━━━ RECORDS

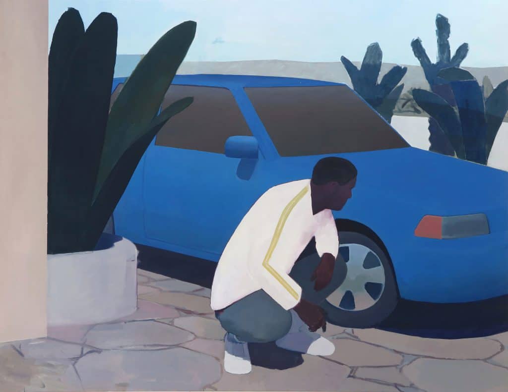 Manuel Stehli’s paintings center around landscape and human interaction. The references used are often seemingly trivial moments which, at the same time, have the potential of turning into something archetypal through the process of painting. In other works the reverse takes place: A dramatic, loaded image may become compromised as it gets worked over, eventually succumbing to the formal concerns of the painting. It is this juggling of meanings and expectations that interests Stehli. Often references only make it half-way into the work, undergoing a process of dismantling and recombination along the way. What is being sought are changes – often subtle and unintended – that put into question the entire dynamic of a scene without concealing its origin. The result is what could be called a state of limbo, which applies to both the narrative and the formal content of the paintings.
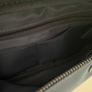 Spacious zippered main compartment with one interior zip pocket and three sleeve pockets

━━━━━━
━━━ RECORDS

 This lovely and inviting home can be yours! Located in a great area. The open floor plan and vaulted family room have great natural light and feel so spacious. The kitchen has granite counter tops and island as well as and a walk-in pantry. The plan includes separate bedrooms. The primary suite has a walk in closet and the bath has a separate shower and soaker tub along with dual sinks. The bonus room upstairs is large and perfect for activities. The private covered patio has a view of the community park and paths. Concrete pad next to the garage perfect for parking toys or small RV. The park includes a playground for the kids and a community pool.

━━━━━━
━━━ RECORDS

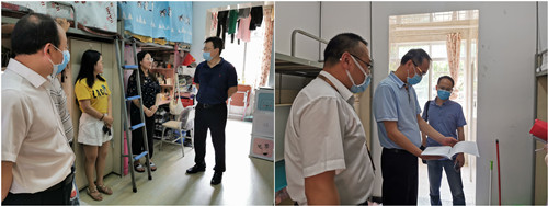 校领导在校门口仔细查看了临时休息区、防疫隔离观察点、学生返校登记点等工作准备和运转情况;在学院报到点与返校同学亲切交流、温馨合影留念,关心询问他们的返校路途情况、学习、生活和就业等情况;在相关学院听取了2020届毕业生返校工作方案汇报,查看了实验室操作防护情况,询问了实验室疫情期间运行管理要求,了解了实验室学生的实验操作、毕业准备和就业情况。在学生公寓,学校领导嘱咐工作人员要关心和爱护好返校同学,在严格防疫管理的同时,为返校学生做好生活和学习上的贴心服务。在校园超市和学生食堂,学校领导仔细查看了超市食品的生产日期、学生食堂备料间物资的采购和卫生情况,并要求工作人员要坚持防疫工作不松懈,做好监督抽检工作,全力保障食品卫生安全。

━━━━━━

Leaving out the pictures, please output the lines in the entries above from the one with "Manuel Stehli’s paintings" through the one with "Spacious zippered main", exactly as they are.

ANSWER BELOW:
 Manuel Stehli’s paintings center around landscape and human interaction. The references used are often seemingly trivial moments which, at the same time, have the potential of turning into something archetypal through the process of painting. In other works the reverse takes place: A dramatic, loaded image may become compromised as it gets worked over, eventually succumbing to the formal concerns of the painting. It is this juggling of meanings and expectations that interests Stehli. Often references only make it half-way into the work, undergoing a process of dismantling and recombination along the way. What is being sought are changes – often subtle and unintended – that put into question the entire dynamic of a scene without concealing its origin. The result is what could be called a state of limbo, which applies to both the narrative and the formal content of the paintings.
 Spacious zippered main compartment with one interior zip pocket and three sleeve pockets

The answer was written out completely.